Set an AI loose on your GPU kernels overnight, wake up to speedups
AutoKernel applies Andrej Karpathy's autoresearch loop to PyTorch models: profile, extract bottlenecks, let an agent iterate on Triton or CUDA C++ while you sleep.

What it does
AutoKernel takes any PyTorch model, profiles it to find GPU kernel bottlenecks, extracts each one as a standalone Triton or CUDA C++ kernel, then hands it to an AI coding agent. The agent edits kernel.py, runs a fixed benchmark with five-stage correctness checks, and keeps or reverts the change. Rinse and repeat ~40 times per hour, ~320 overnight. The orchestrator uses Amdahl’s law to prioritize kernels that actually matter for end-to-end speedup, not just microbenchmark glory.
The interesting bit
The “research org code” lives in a single markdown file, program.md — a 6-tier optimization playbook, crash handling, and decision framework dense enough that the agent can run 10+ hours without human intervention.

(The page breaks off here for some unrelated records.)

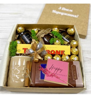 Англійський листовий чай з чашечкою (є варіанти на вибір) та цукерками, швейцарським шоколадом, а також трьома баночками смаколиків: конфітюр, натуральний мед та суміш горішків.
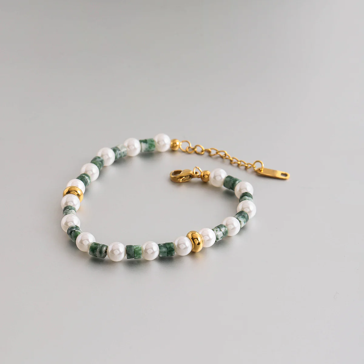 Sötvattenspärla med grön jaspis och pärlemor – Ett elegant smycke som kombinerar pärlemorns lyster, pärlans mjukhet och den gröna jaspisens djup. Ett raffinerat smycke som förenar äkthet och finess.
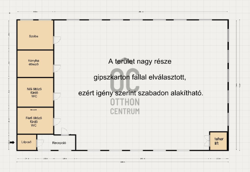 Tartalmazza recepció, öltözők, mosdók-zuhanyzók, konyha, irodák, raktárak, üzemrész munkaterületeket.
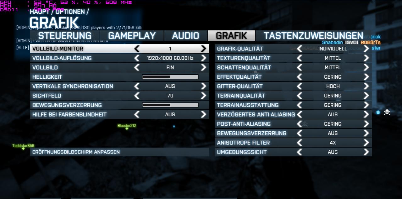 Um dann festzustellen das dass Game ruckelt trotz 50-60 fps? Ich Spiele unter diesen Einstellungen http://battlefield3masterguide.de/b...te-grafikeinstellungen-bester-kompromiss.html
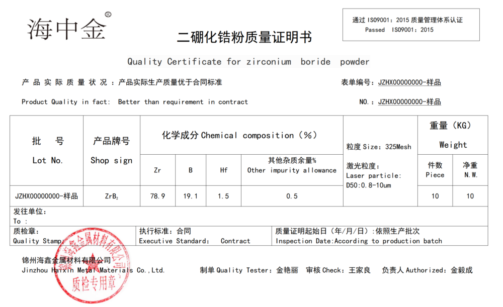 產(chǎn)品名稱:二硼化鋯(ZrB2)
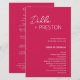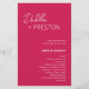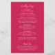 Modern Viva Magenta pink wedding program featuring a simple and minimal design with the bride's name in an elegant script and the groom's name in a contemporary sans serif font. Below in the lower right corner are your event details and order of ceremony in a minimalist layout. The back has your wedding party and thank you message.
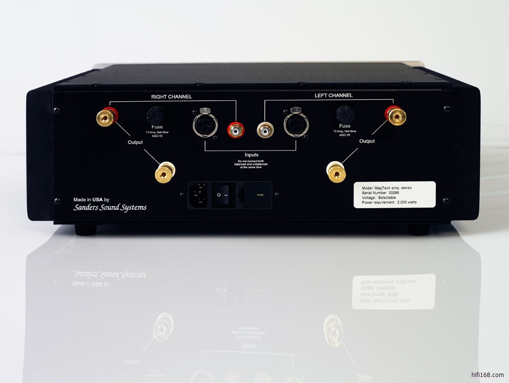 1976Sander开始生产ESL功放,ESL是优质的AB类后级功放,输出功率为每声道4008欧,MAGTECH后级则采用独有的专利技术制造的,输出功率达到每声道5008欧,MAGTECH里面有2个变压器,当输出功率属于正常时,低输出变压器工作,当输出功率随着大动态而陡然增加时,另一个变压器也会参加工作,这样这台功放的功率被非常有效的应用,在使用时几乎没有热消耗,经过公司多年的研究发现,大动态时,电压的变化超过30%,传统功放释放大量的热能,使得后级的原器件处于非线性状态,最终造成失真。电压控制电路是双变压器协调工作的核心,同时热追踪晶体管的卓越性能使的MEGTECH功放达到了绝无仅有的输出阻抗,可以推动世界上任何难于对付的喇叭。
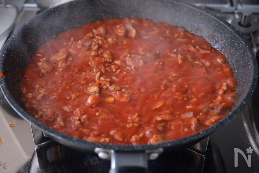 工程3でミートソースを加熱するときは、時々混ぜながら焦げないように気をつけてください!
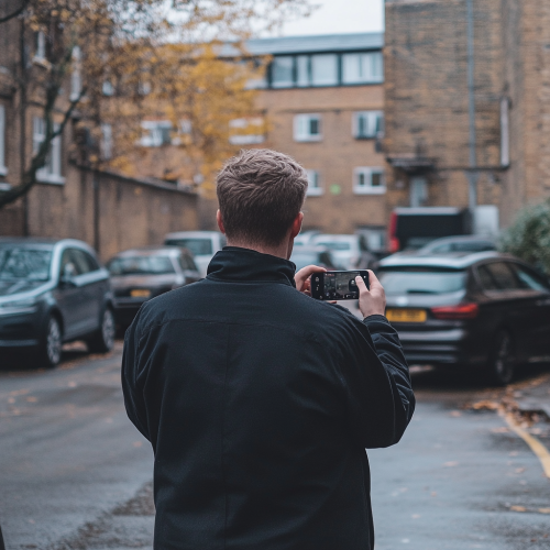 Amateur photo of the back of a man standing in front of a car in a parking lot in London, and taking a photo of the reg plate, back view of the man, natural light, amateur picture posted on Instagram Stories, taken with iphone 10

It’s essentially a human-readable runtime for autonomous GPU optimization, with TSV logging and git-friendly branches for each experiment.
Key highlights
- Dual backend: Triton for fast iteration, CUDA C++ for tensor-core-level performance; both share the same benchmark harness
- 9 supported kernel types: matmul, flash attention, RMSNorm, RoPE, fused MLP, and others covering modern transformer workloads
- Ships self-contained model definitions for GPT-2, LLaMA (7B), and BERT — no
transformerslibrary needed for basic profiling - KernelBench integration runs 50–300+ iterative experiments per problem vs. typical one-shot LLM generation
- Exports to HuggingFace Kernels Hub for one-line loading by other users
- AMD ROCm support (MI300X series) added in v1.3.0
Caveats
- Requires NVIDIA GPU (H100/A100/RTX 4090 tested); AMD support is newer and less battle-tested
- Each experiment takes ~90 seconds, so meaningful runs need hours of agent time and API credits
- The README notes Triton “regularly reaches 80-95% of cuBLAS” — no specific speedup numbers are claimed for end-to-end model runs
Verdict Worth a look if you’re already paying for Claude/Codex and have idle GPU nights. Less compelling if you need guaranteed speedups today — the agent might spend 300 experiments to find a 1.03x improvement on a marginal kernel. The KernelBench integration and HuggingFace export suggest the authors are building toward a community of shareable optimized kernels, not just a one-off tool.